His popularity extends across normal party lines, and while he is despised and derided by liberal elites, he touches raw nerves among working Americans who feel they've been left behind or left out, and that economic advance has passed them by.  It is a mark of his skill that a multi-billionaire is seen by low-paid Americans as someone likely to represent their interests.
 
Hillary Clinton's double-digit poll lead has faded into nothing, and Trump is showing well in the working-class swing states he must carry to take the presidency.  It looks increasing likely that blue-collar Democrats will plump for the rough and ready, hard-talking, hard-dealing businessman rather than for the smooth and manicured professional politician who opposes him.

It is on an international scale that the insurrectionists have made inroads.  Trump has astutely tapped into a mood that has swept across Europe.  As a reaction to the way conventional parties handled the Financial Crisis and the economic slowdown that followed, people have turned to outsiders.  In Greece and Spain these new parties have become a force to be reckoned with.  The populist Freedom Party candidate, Nobert Hofer, lost the Austrian presidential election by a whisker.  It is a sign of the times that people, discontented by establishments, are looking outside the box.  It could be argued that this mood was behind the upset that saw Jeremy Corbyn elected as Labour leader instead of more conventional mainstream candidates.  That same anti-establishment mood might well see UK referendum voters overturn conventional thinking with an insurrectionist Brexit vote.

Trump has tapped into similar discontents in America.  Against a polished Republican politician, Hillary linton could have positioned herself as champion of the underdog, but there is no way she can take that position against Donald Trump.  He is already there, voicing their concerns, speaking up for their values, promising to meet their aspirations.  Although people in Europe, as well as in the liberal media of America's East and West coasts, mock Trump for his lack of polish and preparation, the same is not true of heartland America, and commentators who assumed Clinton would coast home against an opponent they see only as a buffoon, might well wake up with a sinking feeling on Wednesday November 9th when it will all be over and Trump sets about preparing his transition team.

Although the prospect scares some people, they can take comfort from the fact that Trump has no party.  He will have no majority behind him in either the House of Representatives or the Senate.
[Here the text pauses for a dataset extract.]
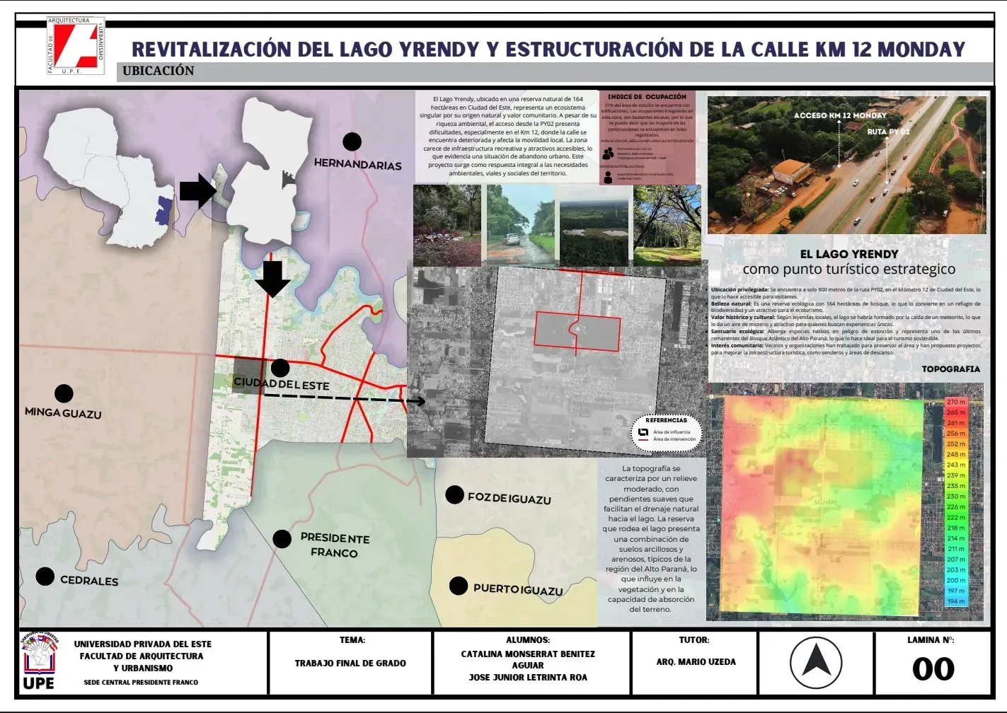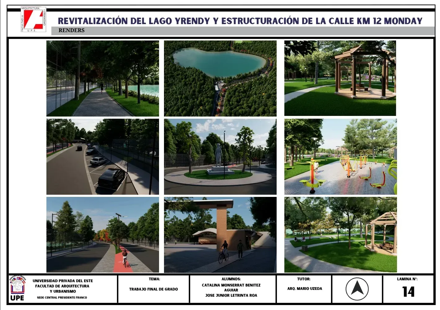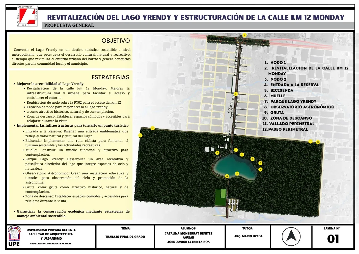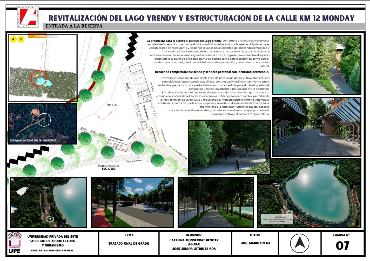 El proyecto aborda de forma integral la revitalización del Lago Yrendy y la estructuración de la calle Km 12 Monday, reconociendo el territorio como un espacio cargado de relaciones, memorias y potencial. Mediante un enfoque interdisciplinario, se plantean soluciones técnicas, legales y ecológicas que responden a las necesidades ambientales y urbanas, fortaleciendo el vínculo comunitario.

To get anything through he will need to bargain and strike deals, to compromise and to moderate. Clinton, by contrast, would probably have had a Democrat majority in the House to back her and strong support in the Senate.

Trump is nowhere nearly as bad as he has been painted, which is just as well because he is a fact of life that we are all going to have to grow used to and learn to live with.  He is probably going to win the presidency.